[DATA UNDER STUDY Boundary: Start]

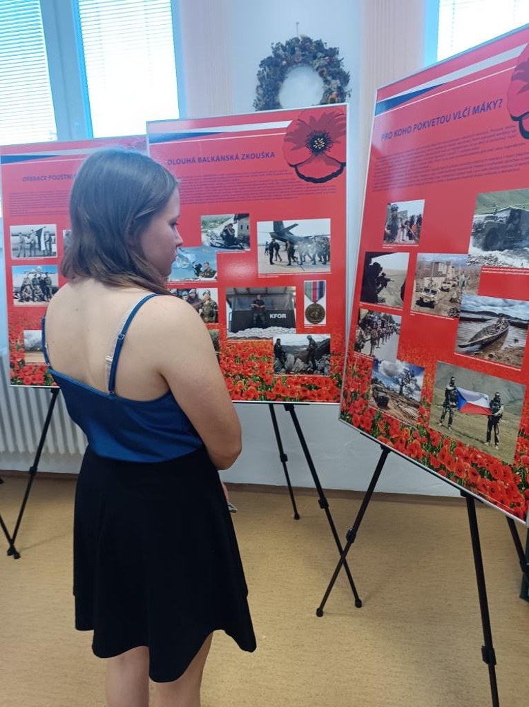 Třináct panelů je členěno na určité bloky a hned v úvodu se každý návštěvník výstavy seznámí se vznikem symbolu vlčího máku a osobou doktora Johna McCrae. I když jde jen o rychlý exkurz do jednotlivých válečných konfliktů, pro žáky SOŠ se jedná o zajímavou výstavu díky chronologickému uspořádání jednotlivých konfliktů, které jsou zde ve stručnosti přiblíženy.
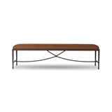 Embrace Art Deco elegance with this bench featuring a curved stretcher base crafted from bronzed hammered iron and a plush seat in a versatile earth tone. Ideal for the bedroom, entryway, or living area, it provides additional surface space or seating. Upholstered in Crypton® performance fabric, it offers softness alongside stain, moisture, and odor resistance, all while being free of PFAS for a safer, cleaner experience.
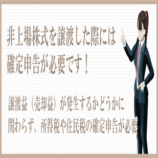 しかし、非上場株式の売却があった年については、確定申告をすることで税務上の問題を避けることができます。
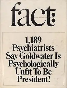 The issue arose in 1964 when Fact magazine published "The Unconscious of a Conservative: A Special Issue on the Mind of Barry Goldwater,"[3][5][6] a play on the title of Goldwater's bestseller The Conscience of a Conservative. The magazine polled psychiatrists about Goldwater and whether he was fit to be president.[7][8] Goldwater sued magazine editor Ralph Ginzburg and managing editor Warren Boroson, and in Goldwater v. Ginzburg (July 1969) received compensation of $75,000 ($643,000 today).[3]
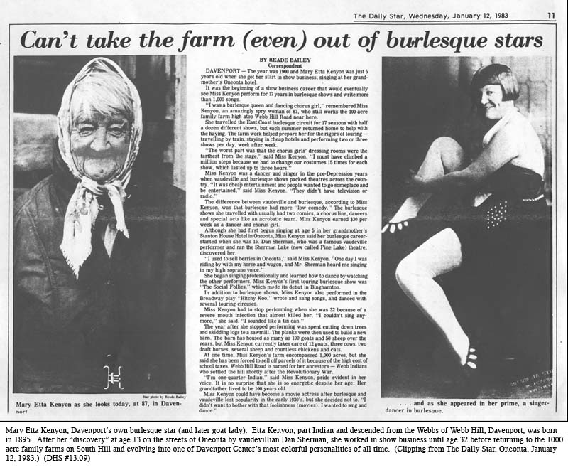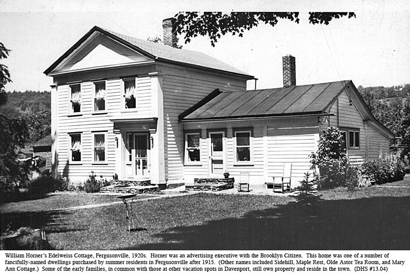 [7] City folks in Fergusonville. (This section derives from Mary Beardsley, “Summer Days and Fun Days – ‘City Folk’ in Fergusonville.” Handwritten, n.d. (2002), in Davenport Historical Society files.)
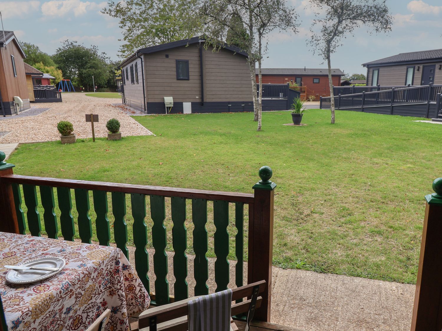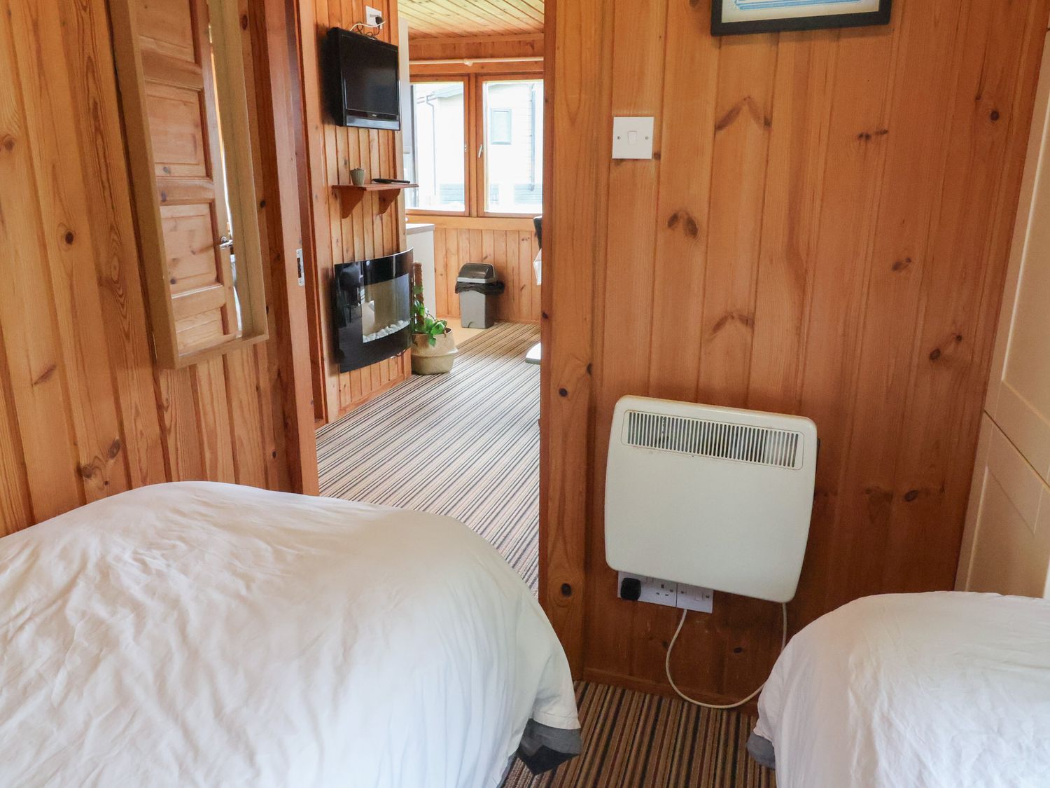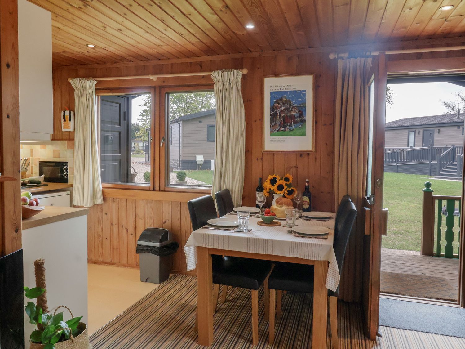 "Single-storey. Two bedrooms: 1 x double, 1 x twin. Shower-room with walk-in shower, basin and WC. Open-plan living area with kitchen, dining area and sitting area"
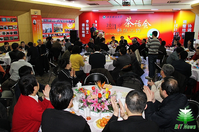 1月13日下午,北理工在国际教育交流中心召开2011年科技工作茶话会。党委书记郭大成、校长胡海岩以及其他校领导,中国科协书记处书记冯长根教授、院士、校学术委员会主任、在职二级教授、百篇优秀博士学位论文指导教师、国家科技奖第一获奖人、973首席专家、国家级重点实验室主任、专业学院院长、书记、科研副院长、学部主任,学校办公室、科研院等相关职能部门代表、青年教师及学生代表等共100余人出席。会议由校长助理、科学技术研究院常务副院长陈杰主持。
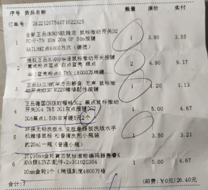 左右键微动使用的是华诺蓝粉(手感较硬)---左右键推荐使用凯华黑曼巴GM8.0
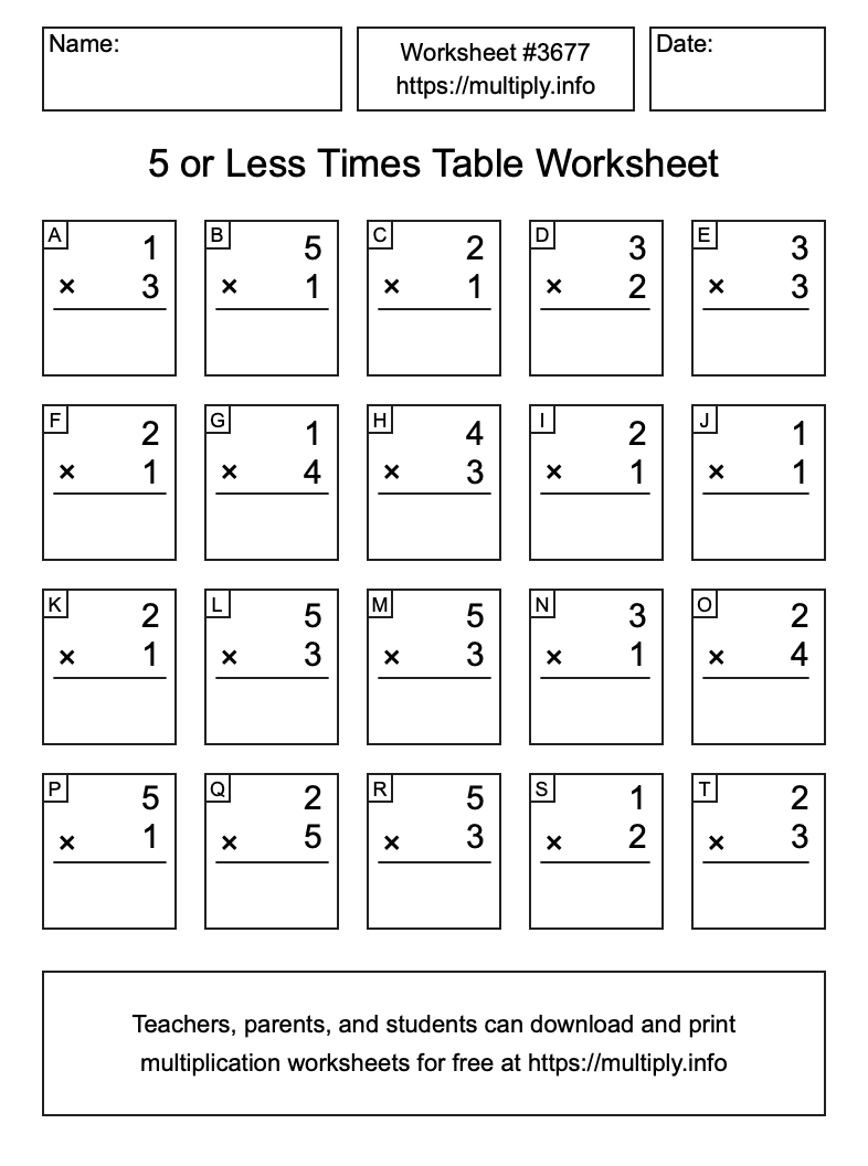 Here is the 5 or less Times Table Worksheet #3677. This worksheet contains multiplication problems where every number in every problem is less than or equal to 5. Print and/or save the worksheet using the buttons below the image. You can also drag or right-click on the image to download it to your device.
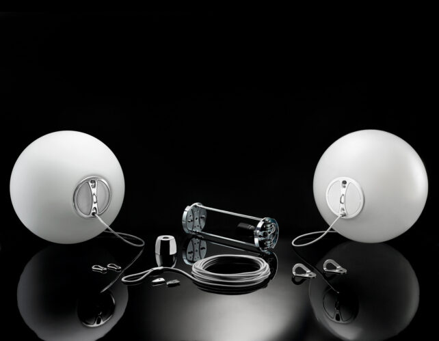 Een eenvoudige bol vormt het belangrijkste element van dit verlichtingssysteem, dat gecombineerd kan worden met plafondrozetten, ankers en ophangkabels. Perla wordt geleverd met een geblazen glazen bolvormige diffuser en kan afzonderlijk of in talloze composities worden gebruikt. Deze hanglamp van gegoten aluminium met een geblazen glazen diffuser is verkrijgbaar in 2 maten: Ø28 cm of Ø35 cm. Het interne frame is ontworpen voor een trekkracht tot 50 kg (Lumina patent). Dankzij de stalen constructie kan Perla in elke gewenste positie worden verankerd, zelfs decentraal ten opzichte van de stroombron.
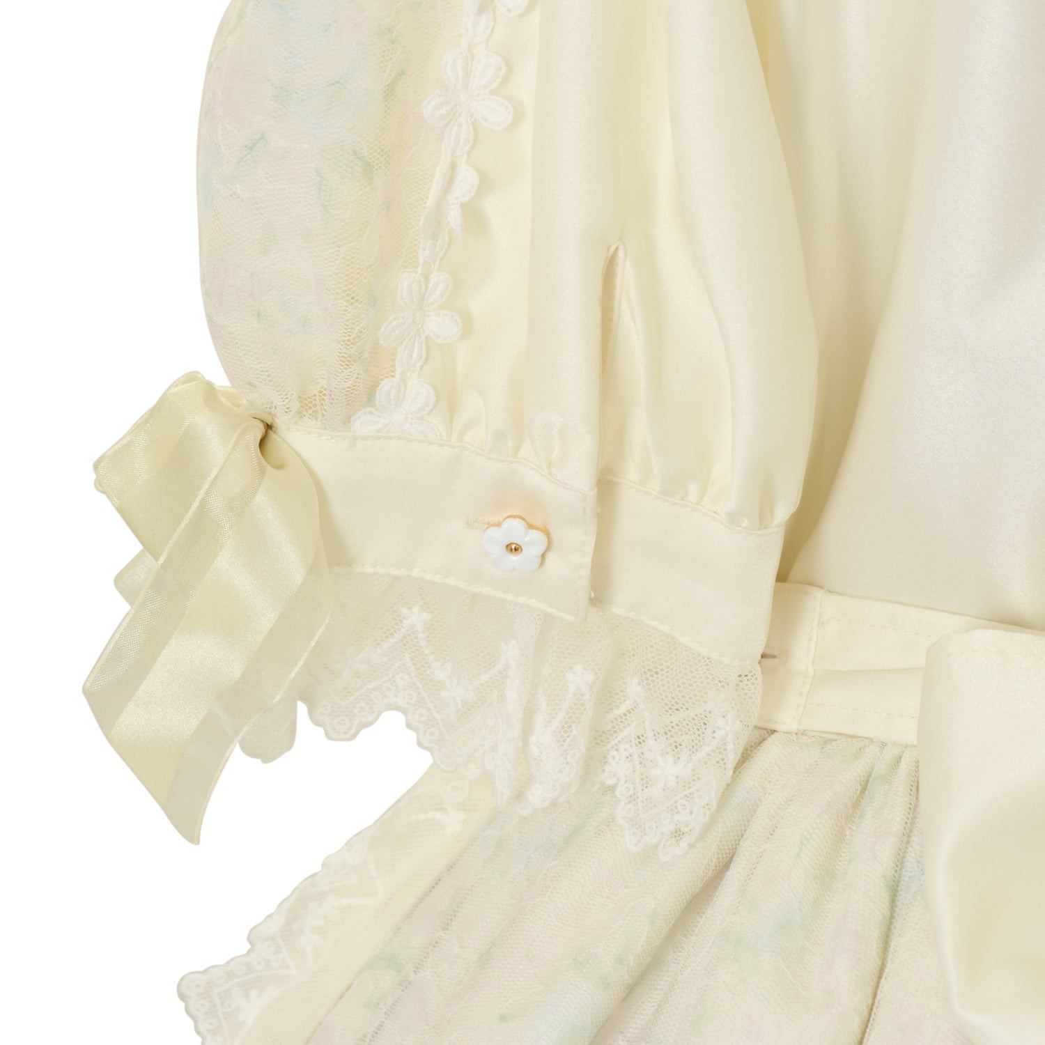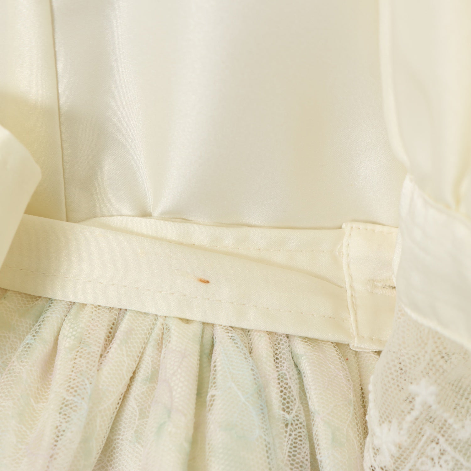襟レース・袖口内側・右ウエスト付近・スカート裏地に汚れ

[DATA UNDER STUDY Boundary: End]

## WORK REQUEST
Within the entries above, give again exactly the lines starting at the one that contains "Two bedrooms: 1" and ending at the one that contains "左右键微动使用的是华诺蓝粉(手感较硬)---左右键推荐使用凯华黑曼巴GM8.0", leaving out the pictures.

## ANSWER TO THE PROBLEM
 "Single-storey. Two bedrooms: 1 x double, 1 x twin. Shower-room with walk-in shower, basin and WC. Open-plan living area with kitchen, dining area and sitting area"
 1月13日下午,北理工在国际教育交流中心召开2011年科技工作茶话会。党委书记郭大成、校长胡海岩以及其他校领导,中国科协书记处书记冯长根教授、院士、校学术委员会主任、在职二级教授、百篇优秀博士学位论文指导教师、国家科技奖第一获奖人、973首席专家、国家级重点实验室主任、专业学院院长、书记、科研副院长、学部主任,学校办公室、科研院等相关职能部门代表、青年教师及学生代表等共100余人出席。会议由校长助理、科学技术研究院常务副院长陈杰主持。
 左右键微动使用的是华诺蓝粉(手感较硬)---左右键推荐使用凯华黑曼巴GM8.0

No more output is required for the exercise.